Karl Freiherr von Drais (full name: Karl Friedrich Christian Ludwig Freiherr Drais von Sauerbronn; 29 April 1785 – 10 December 1851) was a noble German forest official and significant inventor in the Biedermeier period. He is regarded as "the father" and as the inventor of the bicycle.

==Bicycle==
Drais was a prolific inventor, who invented the Laufmaschine ("running machine"), also later called the velocipede, draisine (English) or draisienne (French), also nicknamed the hobby horse or dandy horse. This was his most popular and widely recognized invention. It incorporated the two-wheeler principle that is basic to the bicycle and motorcycle and was the beginning of mechanized personal transport. This was the earliest form of a bicycle, without pedals.

His first reported ride from Mannheim to the "Schwetzinger Relaishaus" (a coaching inn, located in "Rheinau", today a district of Mannheim) took place on 12 June 1817 using Baden's best road. Karl rode his bike; it was a distance of about 7 km. The round trip took him a little more than an hour but may be seen as the big bang for horseless transport. However, after marketing the velocipede, it became apparent that roads were so rutted by carriages that it was hard to balance on the machine for long, so velocipede riders took to the pavements (sidewalks) and moved far too quickly, endangering pedestrians. Consequently, authorities in Germany, Great Britain, the United States, and even Calcutta banned its use, which ended its vogue for decades.

== Other inventions ==
Drais also invented the earliest typewriter with a keyboard (1821). He later developed an early stenograph machine which used 16 characters (1827), a device to record piano music on paper (1812), the first meat grinder (1840s), and a wood-saving cooker including the earliest hay chest. He also invented two four-wheeled human powered vehicles (1813/1814), the second of which he presented in Vienna to the congress carving up Europe after Napoleon's defeat. In 1842, he developed a foot-driven human powered railway vehicle whose name "draisine" is used even today for railway handcars.

== Time as civil servant ==
Drais was unable to market his inventions for profit because he was still a civil servant of Baden, even though he was being paid without providing active service. As a result, on 12 January 1818, Drais was awarded a grand-ducal privilege (Großherzogliches Privileg) to protect his inventions for 10 years in Baden by the younger Grand Duke Karl.

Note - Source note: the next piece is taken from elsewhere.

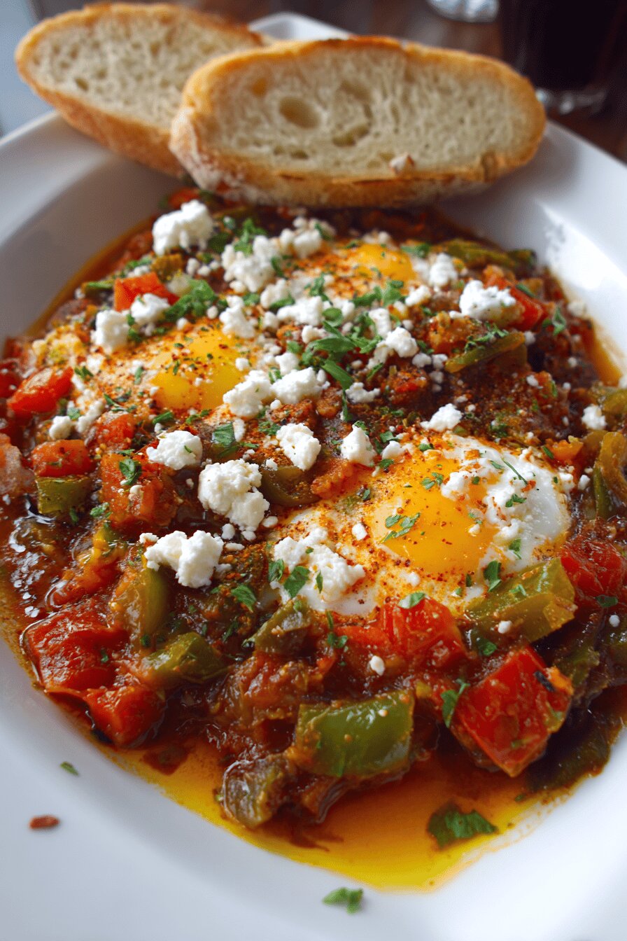 A vibrant Turkish-inspired ragout combining sautéed onions and mild green peppers with fresh tomatoes and smoky Aleppo chili. Eggs are gently poached in the thickened sauce, topped with crumbly feta cheese, and finished with a sprinkle of chili flakes. Clarified butter adds richness and depth, olive oil balances the fat, and gentle simmering pulls flavors together. A rustic, textured dish ideal for breakfast or light lunch served alongside crusty bread or flatbread. Adapted with subtly transformed ingredient quantities and a hint of sweet smoked paprika to add complexity.
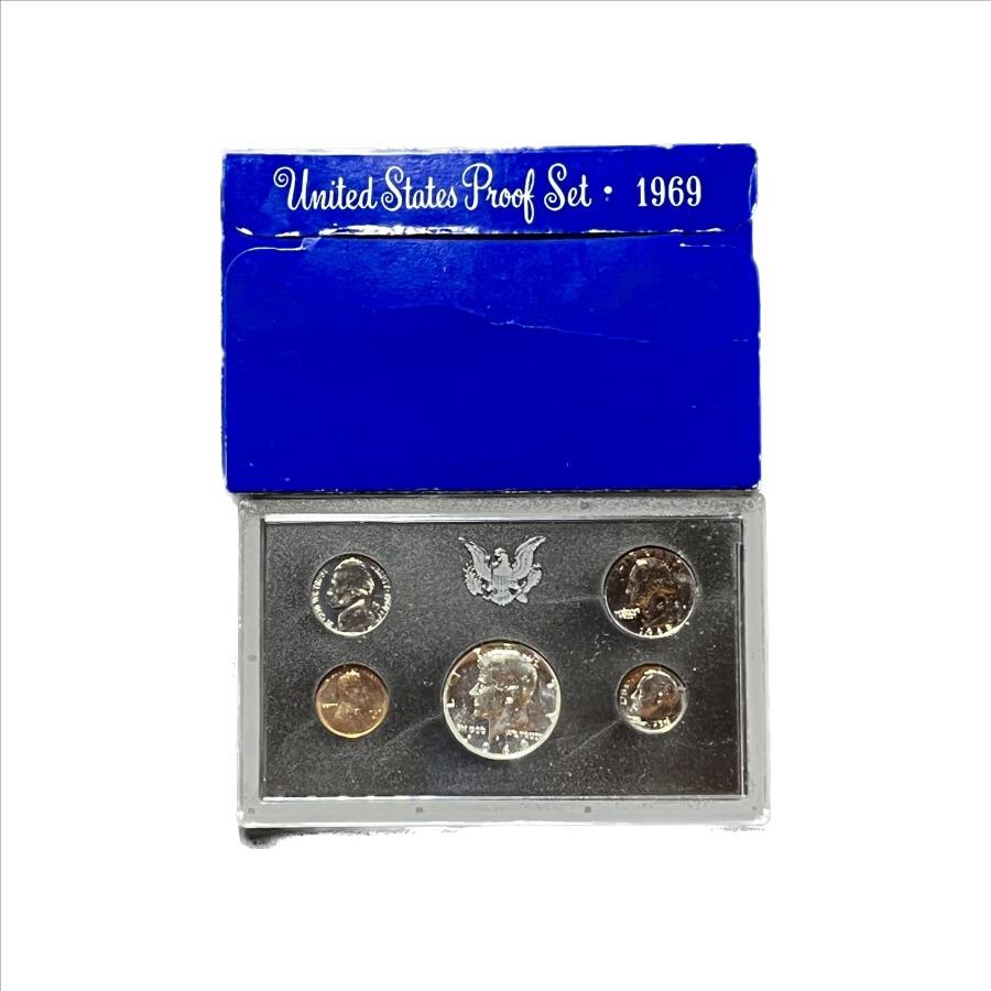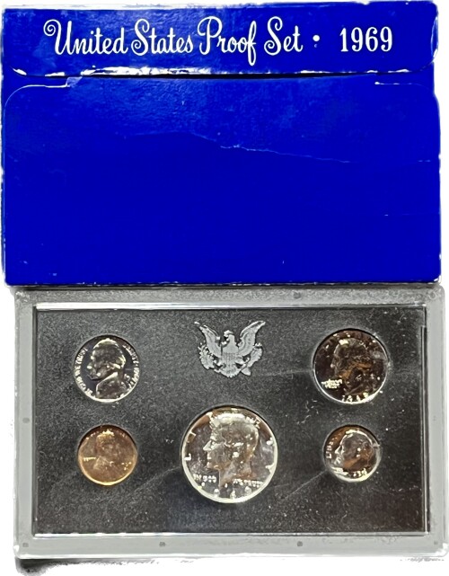 * 1969-S U.S. Proof Set - 5 Coins in Original Mint Packaging with Silver Kennedy Half

Grand Duke Karl also appointed Drais professor of mechanics. This was merely an honorary title, not related to any university or other institution. Drais retired from the civil service and was awarded a pension for his appointment to professor of mechanical science.

==Upheaval==
In 1820, trouble overtook Drais when the political murder of the author August von Kotzebue was followed by the beheading of the perpetrator, Karl Ludwig Sand. In 1822, Drais was a fervent liberal who supported revolution in Baden. Drais's conservative father, as the highest Judge of Baden, had not entered a plea for pardon in the beheading of Karl Ludwig Sand, and the younger Drais was mobbed by the student partisans everywhere in Germany due to his family ties. Therefore, Drais emigrated to Brazil where he lived from 1822 to 1827, and worked as a land surveyor on the fazenda of Georg Heinrich von Langsdorff. In 1827, he returned to Mannheim. Three years later in 1830, Drais's father died and the younger Drais was mobbed by jealous rivals.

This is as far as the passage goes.